После завтрака, надев сетки, они уже возились у старых дуплянок, которые стояли на бездонках и насквозь пропахли медом, воском и лесными травами. Оно бы можно было перейти только на ульи, но неприхотливые дуплянки тоже давали прибыль и иногда перекосили Магазанника в далекое детство, на пасеку отца, который зимой и летом ходил в кожухе, так как после ранений всегда зяб. Тогда в душе Семена не было ни теперешнего паскудства, ни тревоги, ни страха. Чего бы он только не дал, чтобы снова вернуть детство и неторопливые годы родителей, потому что в свои теперешние года и в те, что придут, ему нет и уже не будет утешения: он свой век как по кочкам проволок, да и осталась от него в душе одна пустота.

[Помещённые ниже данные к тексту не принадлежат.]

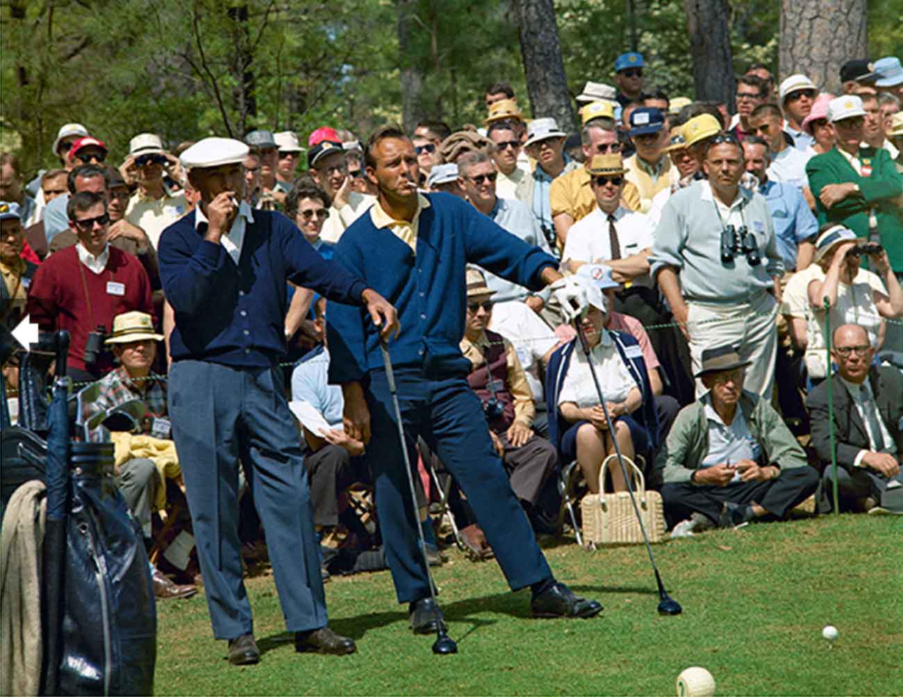 The iconic photograph of Hogan and Arnold Palmer waiting on the second hole during the third round of the 1966 Masters while smoking cigarettes. It’s the first time they played with each other in competition.Â

«Исцели меня, господи, ибо встревожились кости мои и душа встревожилась моя… Может, хоть певучее снование пчелы да ее пожива немного утихомирят ее». А поживу небесная скотинка приносила исправно, и научился он от отца присматривать за нею и весной, и летом, и осенью, а на зимовку оставлял только молодых сентябрьских пчел.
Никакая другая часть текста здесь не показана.